La portée des dispositifs énumérés ne doit pas être surestimée : ils ne permettent pas de traiter toutes les difficultés et les Etats-Unis connaissent, comme l’Europe, le phénomène des délocalisations et la désindustrialisation. Toutefois, l’efficacité du soutien public à l’innovation apparaît sans ambiguïté ; dans ce domaine, le volontarisme de l’Etat - qui tranche avec l’idéologie du « laissez faire » qui prévaut aujourd’hui à l’échelon européen - se traduit par des résultats positifs, dont les plus notables sont rappelés ci-dessous :

- les dépenses de R et D sont de 2,7% du PIB aux Etats-Unis, contre 2,2% en France et 1,9% en moyenne en Europe. En valeur absolue, le total des dépenses de recherche aux Etats-Unis est supérieur de 260 milliards de dollars à celui de l’Europe, soit une somme représentant plus de trente fois le budget communautaire annuel consacré à la recherche !

- le nombre de chercheurs pour 10.000 actifs est de 81 aux Etats-Unis, de 60 en France et de 49 en Europe ; dans le seul secteur des entreprises, toujours pour 10.000 actifs, il est de 70 aux Etats-Unis, de 30 en France et de 25 en Europe ; les dépense de recherche des PME américaines sont huit fois supérieures à celles des PME européennes !

- les dépenses pour l’enseignement supérieur représentent 2,7% du PIB aux Etats-Unis contre 1,1% en France et en Europe. La population américaine des 25-64 ans compte 37% de diplômés du supérieur, contre 23% en France et 24% en Europe.

Conclusion

Si le différentiel de croissance entre l’Europe et les Etats-Unis devait persister sur la tendance des dix dernières années, la richesse européenne par habitant en 2030 ne représenterait plus que 50% de celle des Etats-Unis.

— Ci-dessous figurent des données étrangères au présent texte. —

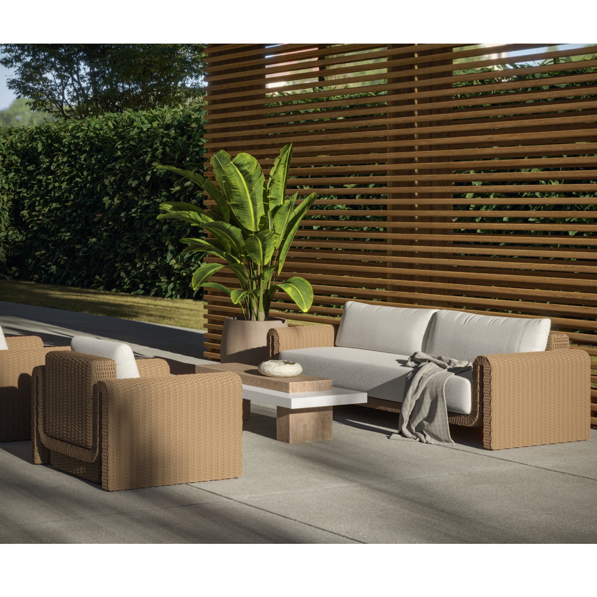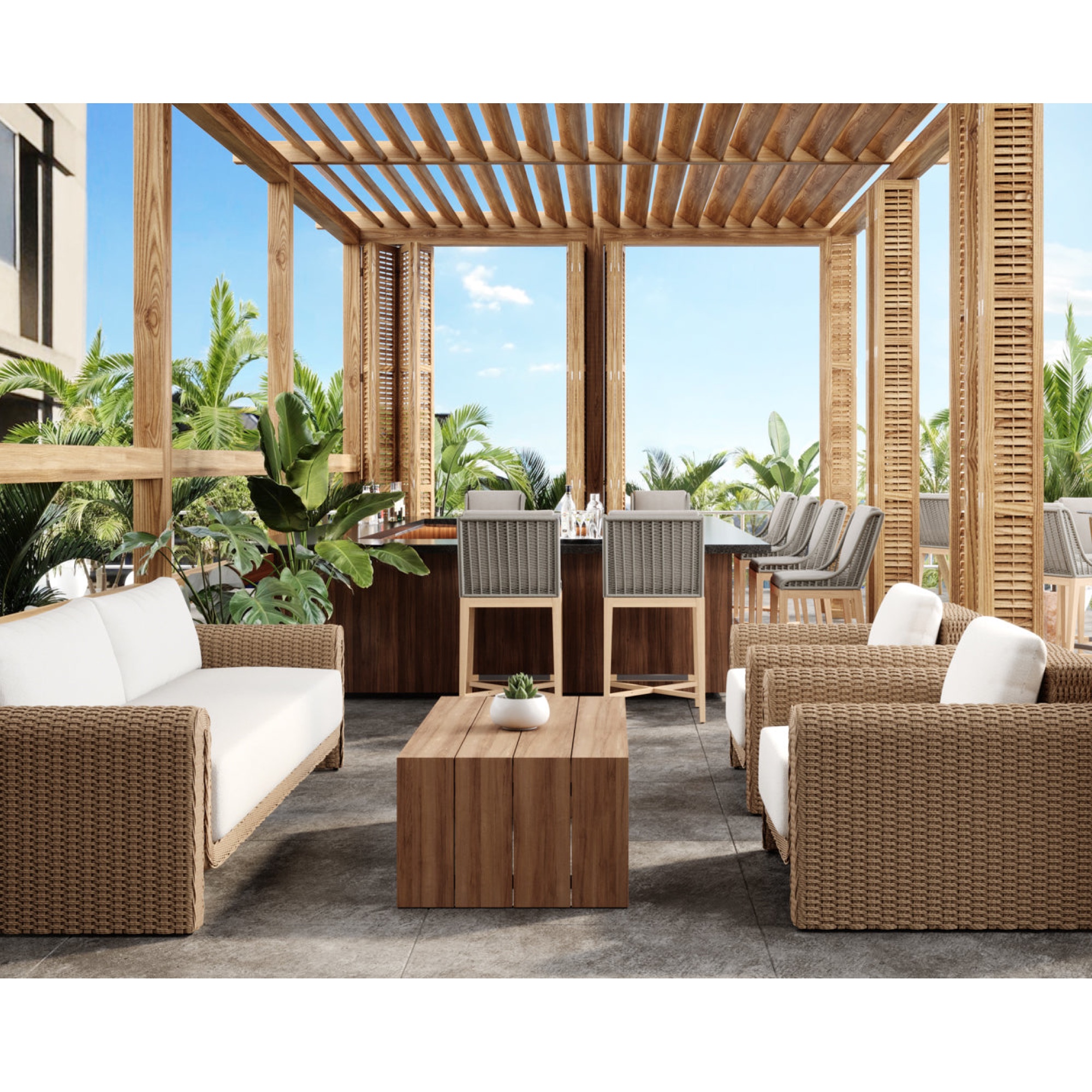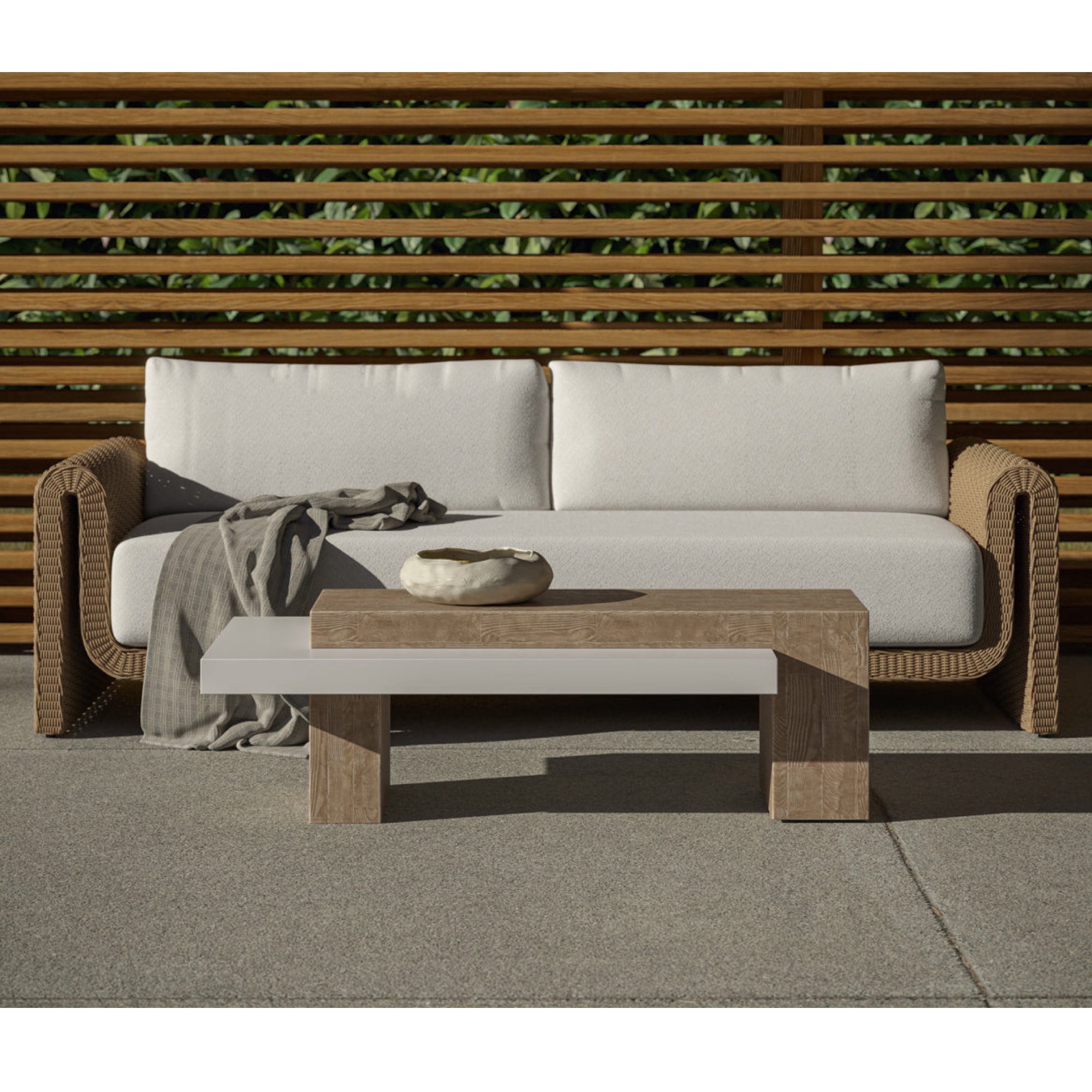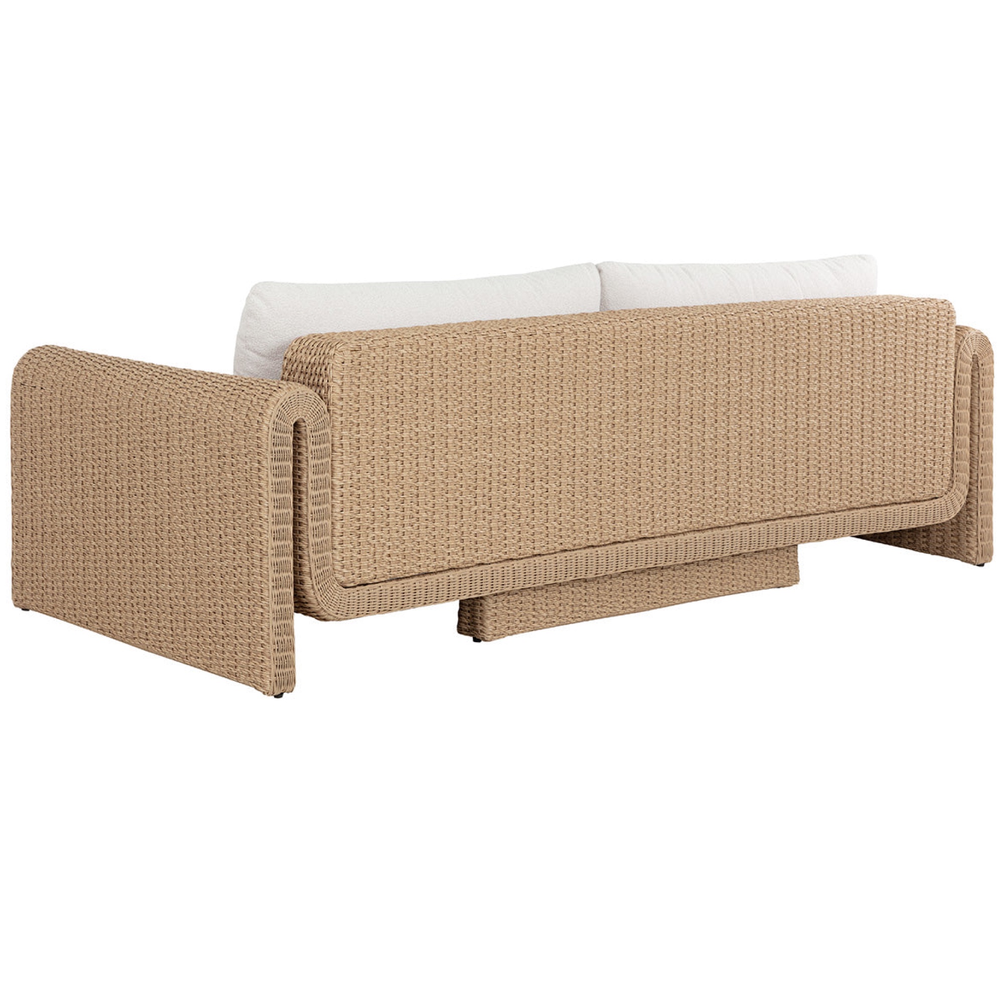 The curved proportions of the Tibi Sofa enhance the textural beauty of handwoven twisted wicker. The rolled arms connect seamlessly to nestle the comfortable cushioning upholstered in our Louis cream outdoor boucle performance fabric.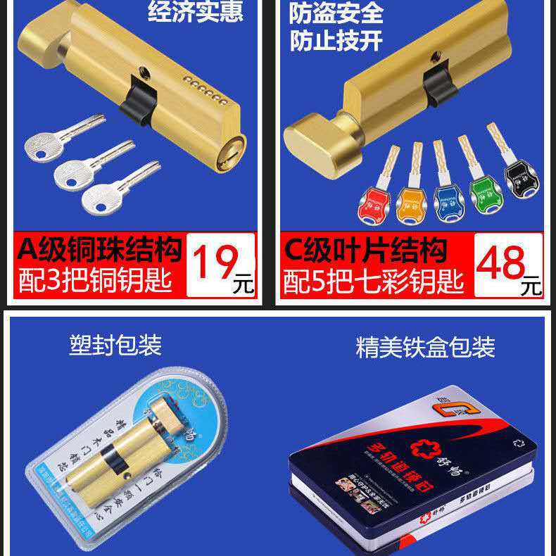 Este modelo cuenta con un pequeño cilindro de bloqueo 70 todo de cobre, 3 llaves de una pieza todo de cobre, empaque blíster, y una carcasa de bloqueo, núcleo de bloqueo y cabeza de perilla todo de cobre.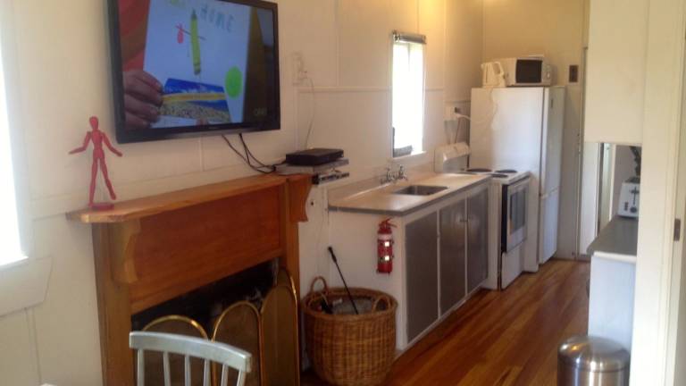 Das Ferienhaus beinhaltet 3 separate Schlafzimmer sowie eine vollständige Küche, die über einen Kühlschrank und einen Ofen verfügt. Ein Essbereich ist ebenfalls vorhanden.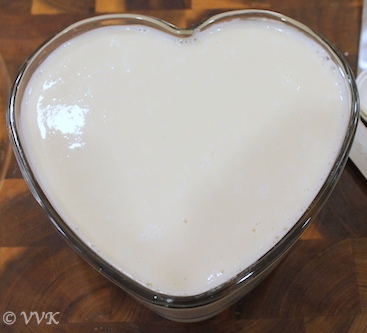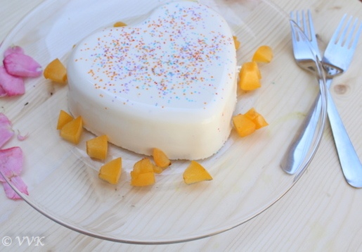 Somehow the pannacotta reminds of the seempaal or the cow’s first milk after delivery. Both differ a lot in taste, but every time I prepare this, it takes me back to the childhood days. You can make this dessert ahead of time as a single-serving dessert. But this time I made it like a cake in a vessel that has the shape of a heart.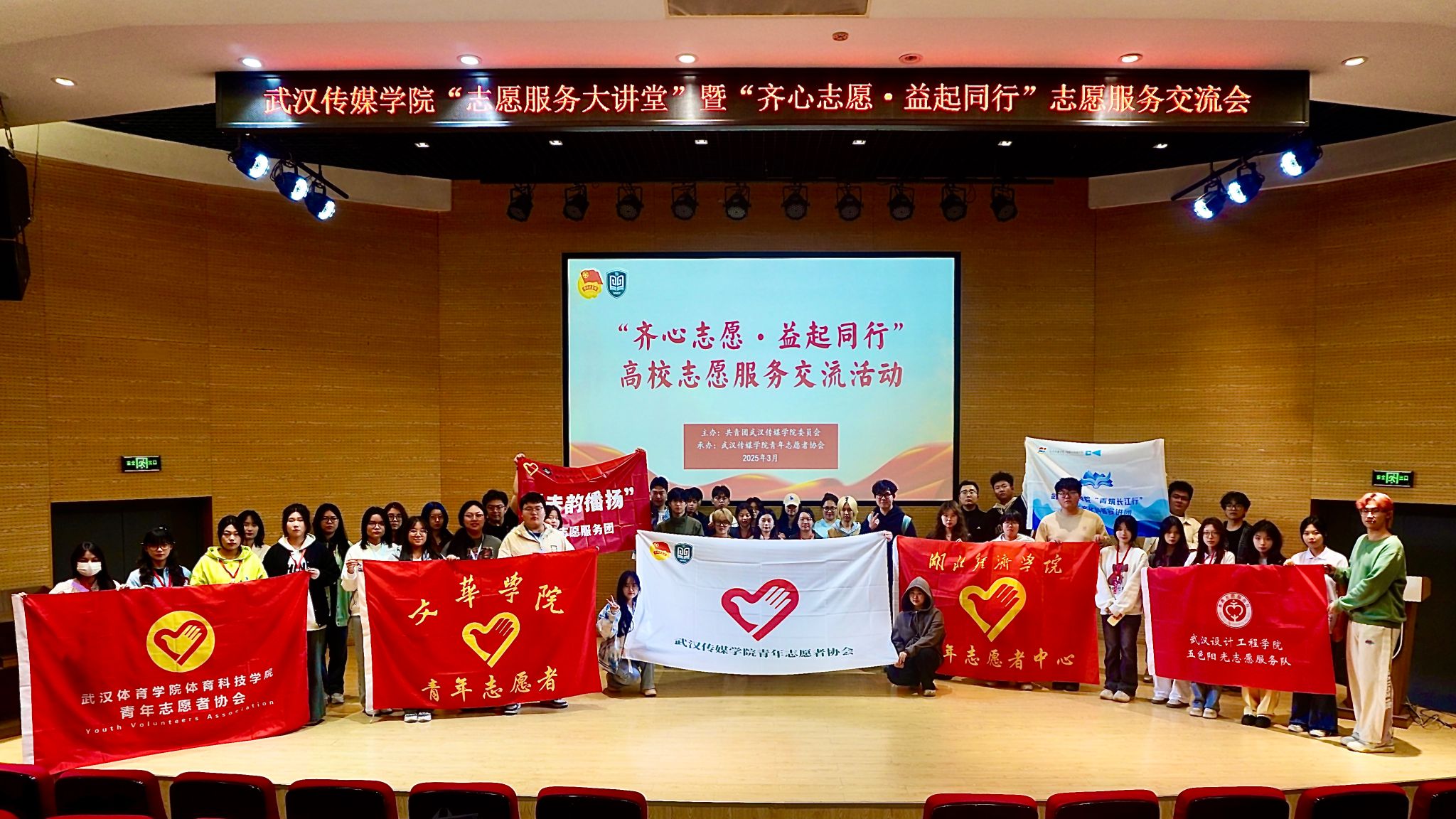 (通讯员 华震东 刘婷 张铭宇)3月27日,我校在武汉校区圆形报告厅成功举办了“志愿服务大讲堂”暨“齐心志愿·益起同行”高校志愿服务交流会。此次活动由湖北省志愿者协会和湖北省志愿者培训学院指导,共青团米兰体育网页版登录委员会主办,米兰体育网页版登录青年志愿者协会承办,播音主持艺术学院青年志愿者协会、电影与电视学院青年志愿者协会协办。校团委书记瞿宗巍、校团委委员华震东出席了活动,同时,来自湖北经济学院、文华学院、武汉设计工程学院、武汉体育学院体育科技学院的青年志愿者协会代表以及我校各学院的师生代表也参加了此次盛会。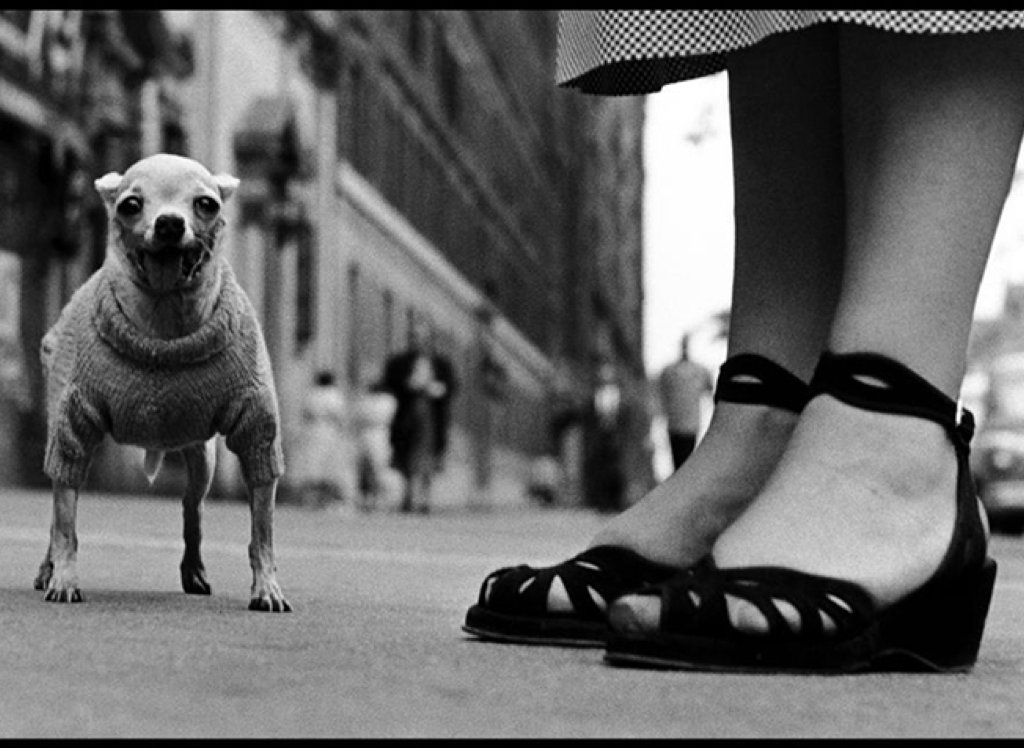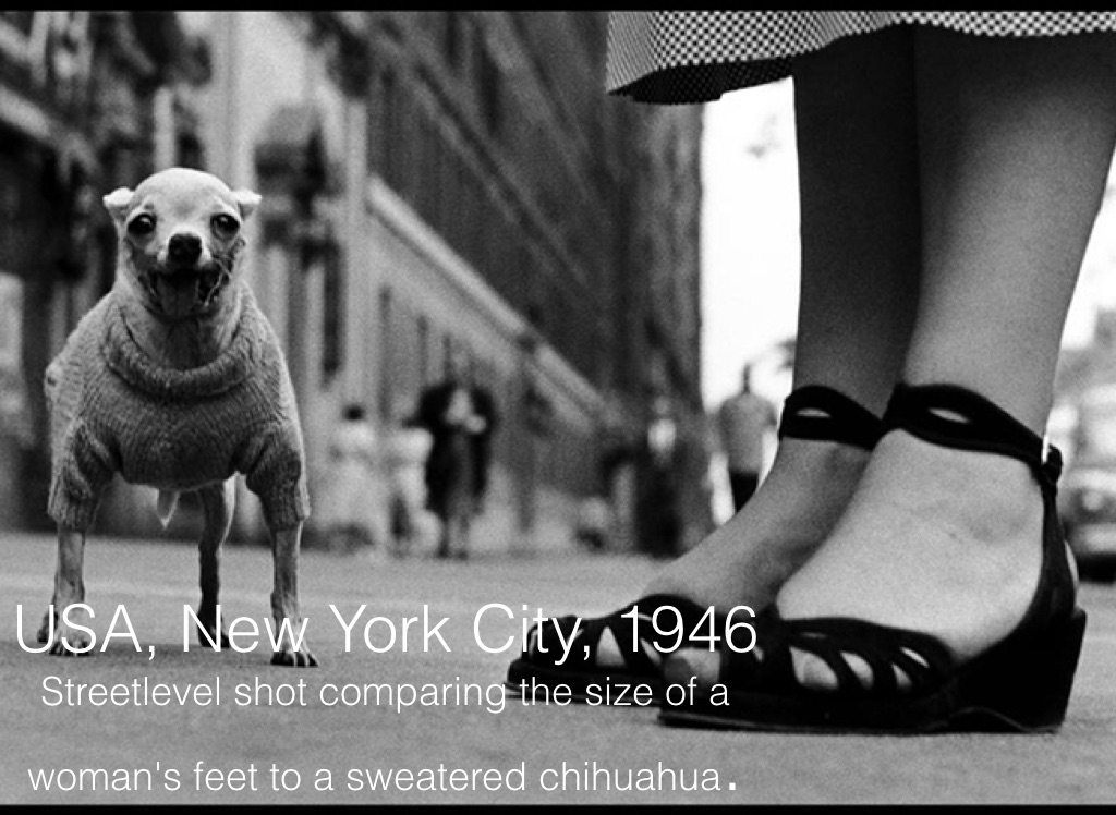 USA, New York City, 1946 Streetlevel shot comparing the size of a woman's feet to a sweatered chihuahua.
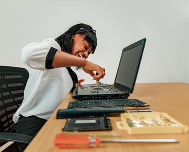 Com o tempo, é comum que a carcaça dos notebooks apresente danos como trincas, quebras nas dobradiças, partes soltas ou até mesmo falta de parafusos. Esses problemas, embora pareçam apenas estéticos, podem comprometer seriamente o funcionamento do seu equipamento.
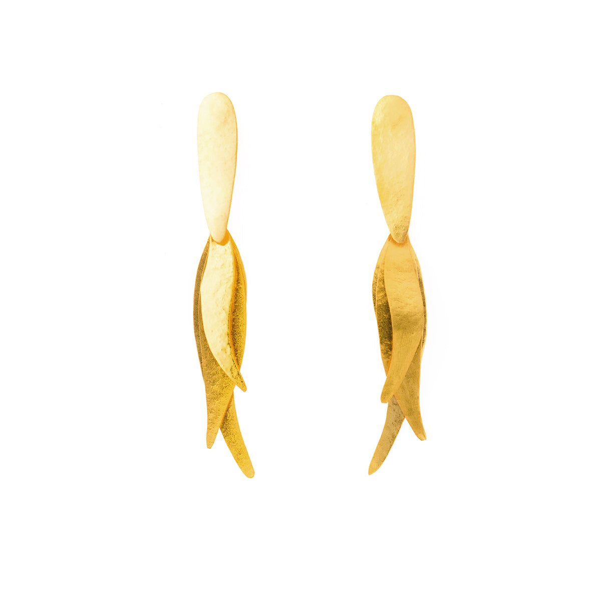 Handmade in Greece by designer Fotini Liami, the Bronze Drop Two Part Wave Earrings feature a fluid, two-piece wave design crafted in warm bronze for beautiful movement and light-catching dimension. Each element is shaped and finished by hand, giving every pair its own subtle variations and artisanal character. Sculptural yet easy to wear, they’re an elegant statement from day to night—modern, organic, and effortlessly refined.

Malgré une population supérieure à celle des Etats-Unis, l’Europe ne pourrait pas faire contrepoids à la puissance américaine.

Pour tous ceux qui croient que l’Europe doit jouer un rôle dans le monde, un sursaut est urgent. Pour cela, il est nécessaire de sortir de l’incantation (les objectifs de Lisbonne, sans moyens correspondants), de renouer avec un volontarisme économique et politique qui est à l’origine de la construction européenne (CECA ou Euratom) et surtout de renoncer à un « laissez faire » que les autres économies, à commencer par les Etats-Unis, se gardent bien d’appliquer à elles-mêmes.

A lire pour en savoir plus : Alain Villemeur, La croissance américaine ou la main de l’Etat, Paris, Seuil, 2007.